The Figment Index is a living archive of “figments” — the small, fleeting proofs of experience that might otherwise be lost to time. It is not a journal in the traditional sense. Instead, it is an ongoing index of the minor figments that make up a life: a ticket stub, a square cut from a package, a photograph framed in negative space, a snippet of conversation.
What are Figments?
In this context, figments are the tangible and digital traces of lived experience — scraps, impressions, or moments that hover between memory and artifact. The word “figment” usually suggests something imagined, but here it signals something both real and elusive: evidence of what once happened, pared down to its most fragile form.

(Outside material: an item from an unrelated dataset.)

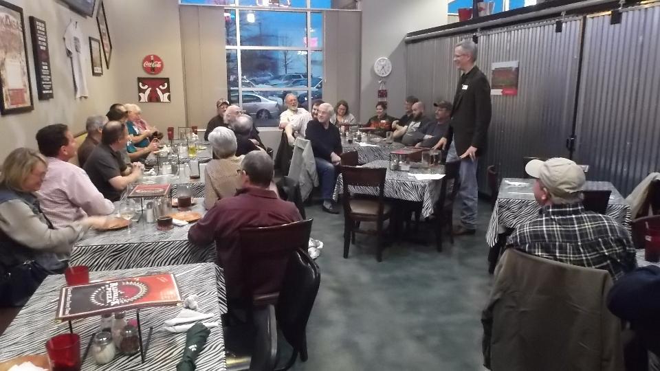 After a few hour sprinting down interstate 10 today, hello, Houston, we're BACK! This time we seem to have a few hours to catch up with "work" (some of it). Then we have a meeting with Houston MG Car Club (with about 30 people present) at Christie's Cafe. Being early for dinner we had a chance to chat with several people before the business meeting. Then the club had a lot on it's mind for new members and guests, past, present and future events, finances, membership, regalia and door prizes. In the end we have a couple more appointments lined up.

We chose figments as our nomenclature because it captures this duality. These items are not whole objects or comprehensive records; they are partial, suggestive, and open to interpretation. A figment may be small, but it points to something larger — a life, an encounter, a moment that can never be fully reassembled.
Why the Index?
Each figment is fragile on its own, but together they form a record of presence — proof that something once happened, that something once mattered. The Index gathers them into a shared structure, not to impose order, but to allow connections to emerge.
The Figment Index unfolds in both physical and digital form. Physical figments are squares of material cut from the objects of everyday life, while digital figments manifest as small photographs bordered in silence. Together, they blur the line between memory and artifact, between personal archive and shared cultural debris.
When is The Index Complete?
The Figment Index is not a finished collection. It is an evolving one — growing, reordering, and recontextualizing itself as new figments are added. Like memory itself, it is imperfect and shifting. What matters is not just the figment itself, but the act of noticing, indexing, and preserving it.
This is only the beginning. The Figment Index will continue to expand, weaving together the subtle traces that form the texture of lived experience.